Goal of the exercise:
Could the listing be repeated exactly, with every picture dropped?

Dataset excerpt:
'''

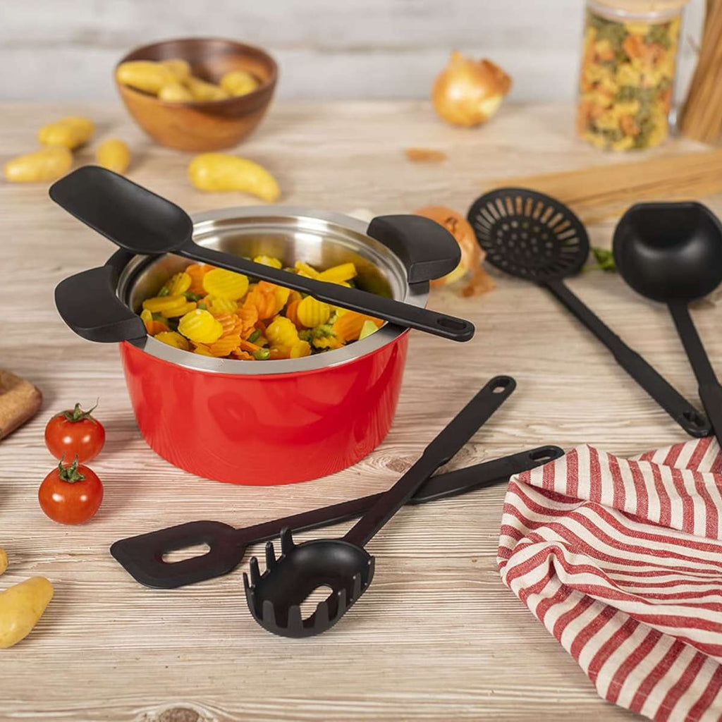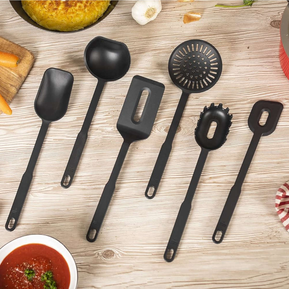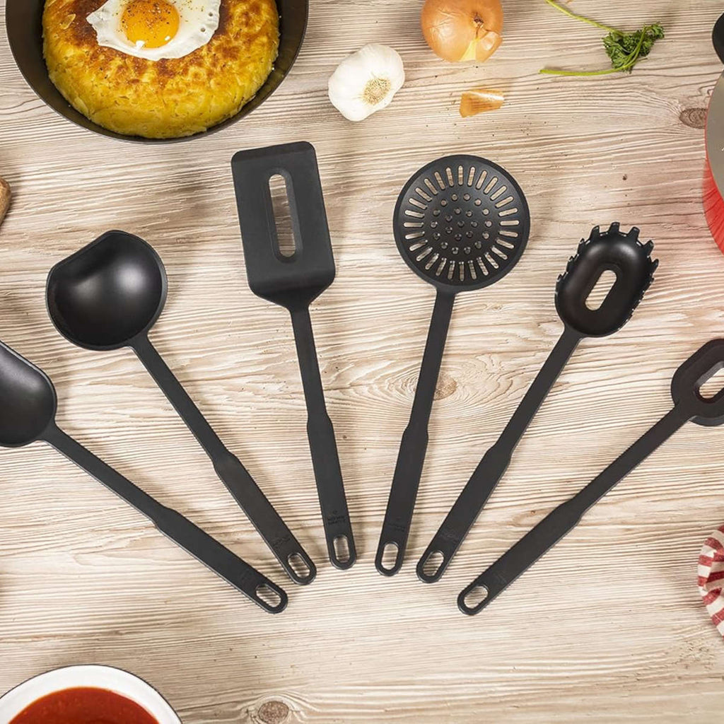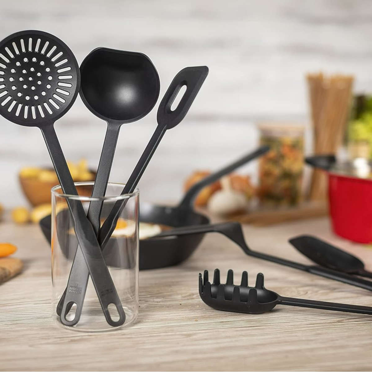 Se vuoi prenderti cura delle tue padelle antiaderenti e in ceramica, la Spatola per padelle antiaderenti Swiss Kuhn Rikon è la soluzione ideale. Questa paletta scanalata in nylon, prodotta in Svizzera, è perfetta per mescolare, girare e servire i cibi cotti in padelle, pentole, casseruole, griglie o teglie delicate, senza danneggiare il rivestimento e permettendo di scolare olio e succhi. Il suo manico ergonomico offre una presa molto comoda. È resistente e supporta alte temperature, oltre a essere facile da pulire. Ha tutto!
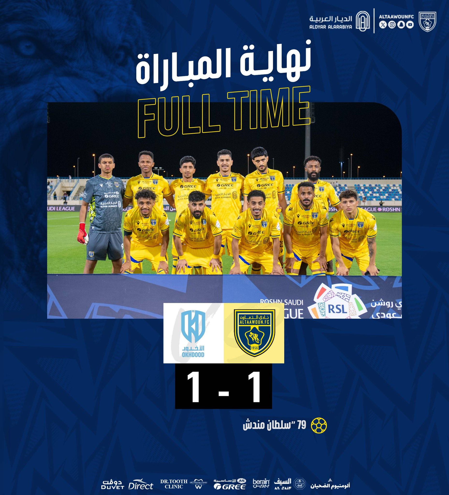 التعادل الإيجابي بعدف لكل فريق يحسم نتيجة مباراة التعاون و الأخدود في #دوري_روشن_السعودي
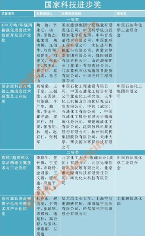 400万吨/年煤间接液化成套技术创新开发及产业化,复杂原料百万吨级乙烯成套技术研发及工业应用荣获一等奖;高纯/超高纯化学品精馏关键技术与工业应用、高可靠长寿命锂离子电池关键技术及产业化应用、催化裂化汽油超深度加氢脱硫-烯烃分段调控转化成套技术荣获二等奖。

'''

Solved problem:
 Se vuoi prenderti cura delle tue padelle antiaderenti e in ceramica, la Spatola per padelle antiaderenti Swiss Kuhn Rikon è la soluzione ideale. Questa paletta scanalata in nylon, prodotta in Svizzera, è perfetta per mescolare, girare e servire i cibi cotti in padelle, pentole, casseruole, griglie o teglie delicate, senza danneggiare il rivestimento e permettendo di scolare olio e succhi. Il suo manico ergonomico offre una presa molto comoda. È resistente e supporta alte temperature, oltre a essere facile da pulire. Ha tutto!
 التعادل الإيجابي بعدف لكل فريق يحسم نتيجة مباراة التعاون و الأخدود في #دوري_روشن_السعودي
 400万吨/年煤间接液化成套技术创新开发及产业化,复杂原料百万吨级乙烯成套技术研发及工业应用荣获一等奖;高纯/超高纯化学品精馏关键技术与工业应用、高可靠长寿命锂离子电池关键技术及产业化应用、催化裂化汽油超深度加氢脱硫-烯烃分段调控转化成套技术荣获二等奖。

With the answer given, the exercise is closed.